The greater accuracy that the BCI and KOF Barometer provide with regard to quarter-to-quarter changes in GDP must also be weighed against the far greater effort that the calculation and maintenance of these two indicators entail. Viewed in this way, FLUR offers a huge gain in efficiency.

In their evaluation of business cycle indicators for the Swiss economy, Glocker and Kaniovski (2019) list four requirements that in their mind an ideal business cycle indicator should fulfill. These consist of (1) a high contemporary or leading correlation with the reference series, (2) timely availability, (3) temporal stability and (4) a low proneness to revisions. To our mind, FLUR meets all of these demands. As our VAR findings show, FLUR exhibits high contemporary and leading correlations with the reference series, i.e., GDP growth. It is timely given its monthly periodicity in combination with its forecasting capabilities. It exhibits high temporal stability, resting as it does on a mathematical law instead of empirical correlations. And the data underlying FLUR, unlike those on which the BCI of the SNB and the KOF Barometer rest, are not subject to revisions, being based on administrative records that are not subject to change.

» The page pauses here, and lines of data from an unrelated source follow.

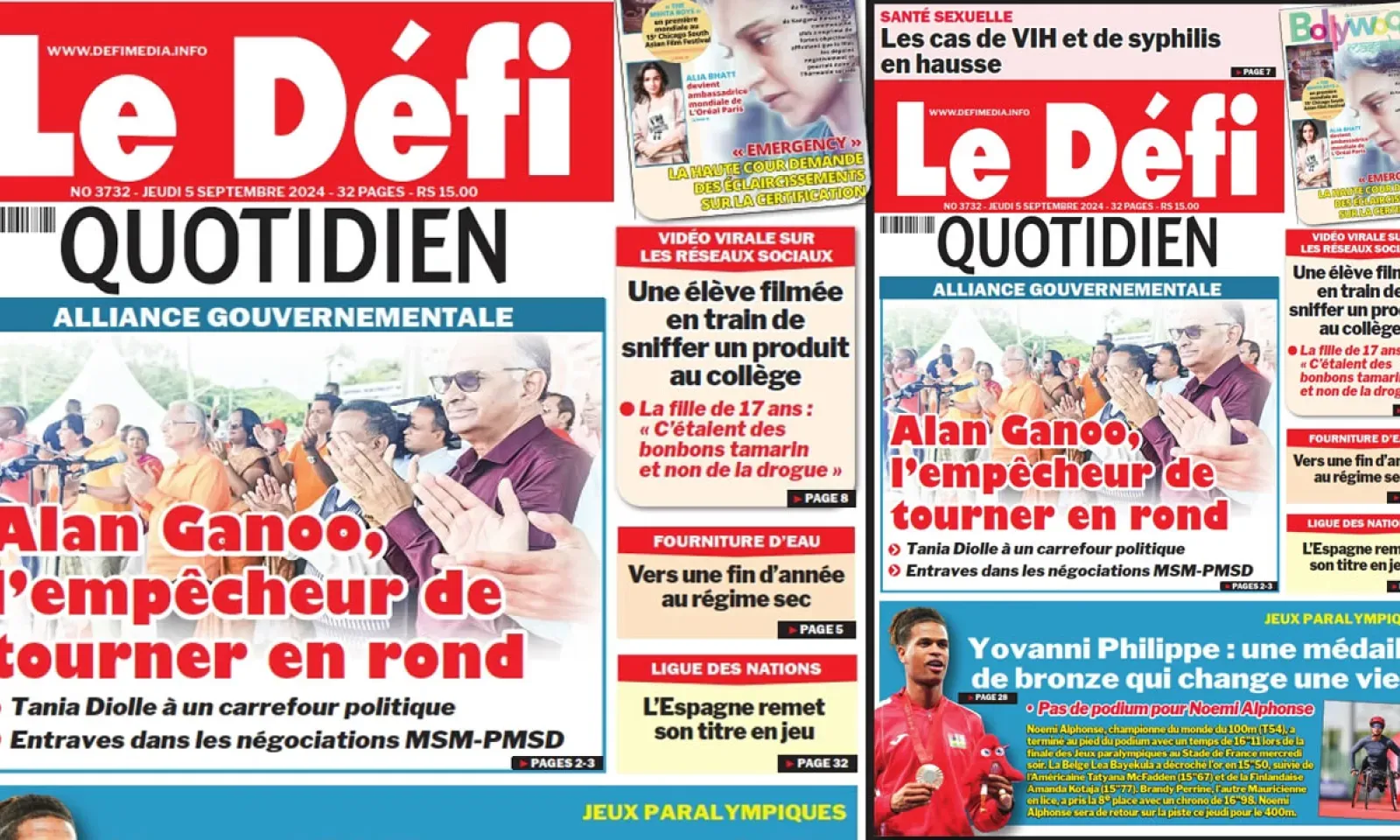 Voici la une du Défi Quotidien de ce Jeudi 05 Septembre 2024
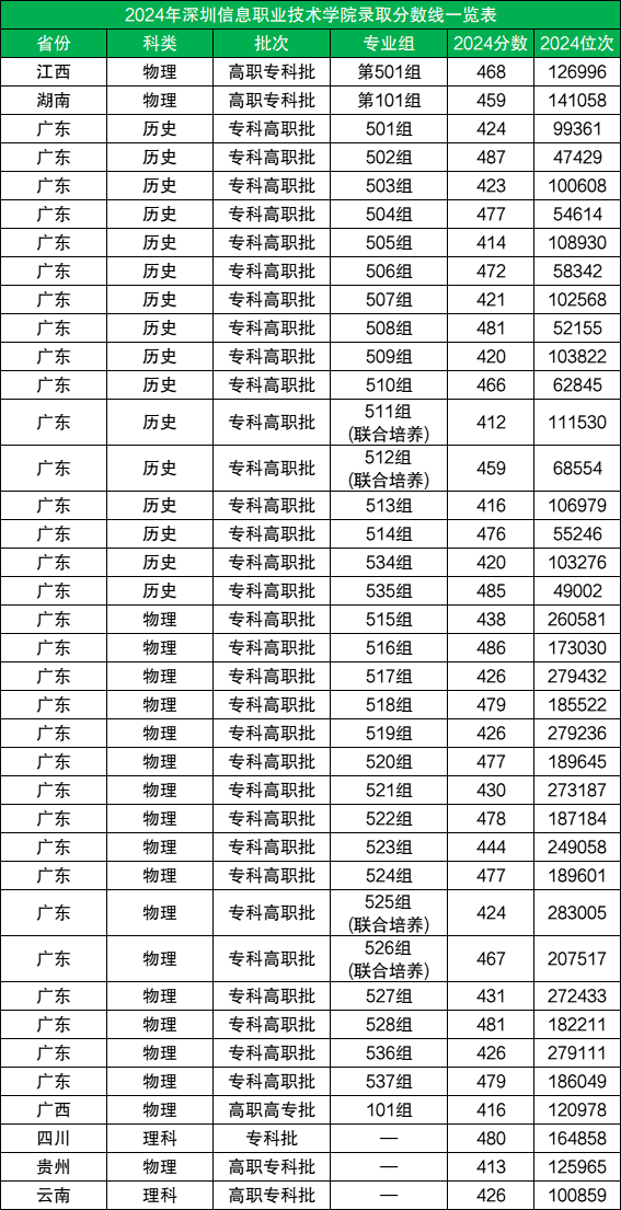 以广东省为例,历史组的最低录取分数线为459分,超本科线31分,物理组的最低录取分数线为467分,超本科线25分。这些数据表明,深圳信息职业技术学院在专科层次的招生中已经具有较高的录取门槛。
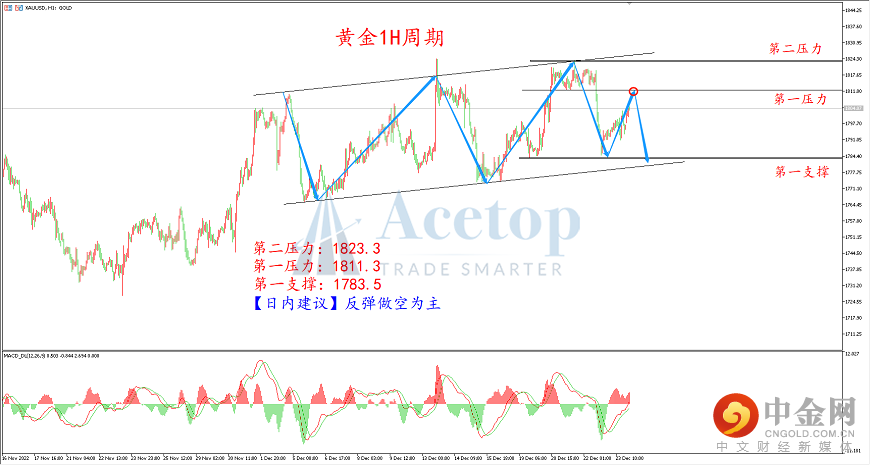 从黄金1H周期图来看,金价自涨到1808.3附近高点以来,行情维持震荡上行,高低点逐步出现抬高,从结构上看,整体走出小级别上升等距通道,通道的上轨测试三次,通道下轨也测试三次,当前价格并未突破通道,目前价格有再次测试通道上轨的可能。从MACD指标来看,虽然双线金叉,但处于零轴下方,表明整体走势依旧偏空,日内可在1811.3附近布局空单。

Our paper also opens up avenues for future research. For one, the finding that our indicator contains information that contributes to the prediction of GDP growth and is not captured by the BCI or the KOF Barometer suggests that it would be advantageous to incorporate FLUR in the construction of these leading indicators. It could also prove to be worthwhile to repeat our horse race procedure using real-time instead of final-release values for the BCI or the KOF Barometer in order to assess the advantages of having a leading indicator not subject to subsequent revisions. Any finally, it could also be of interest to compare the performance of FLUR with the other two leading indicators during the financial and COVID-19 crises when the demand for timely information on economic conditions was at its greatest.

Yet even without the benefits of further research, the evidence presented in this paper already suggests that FLUR can provide a useful measure for policymakers seeking easily compiled and reliable information on the current and future course of the Swiss economy at short time intervals.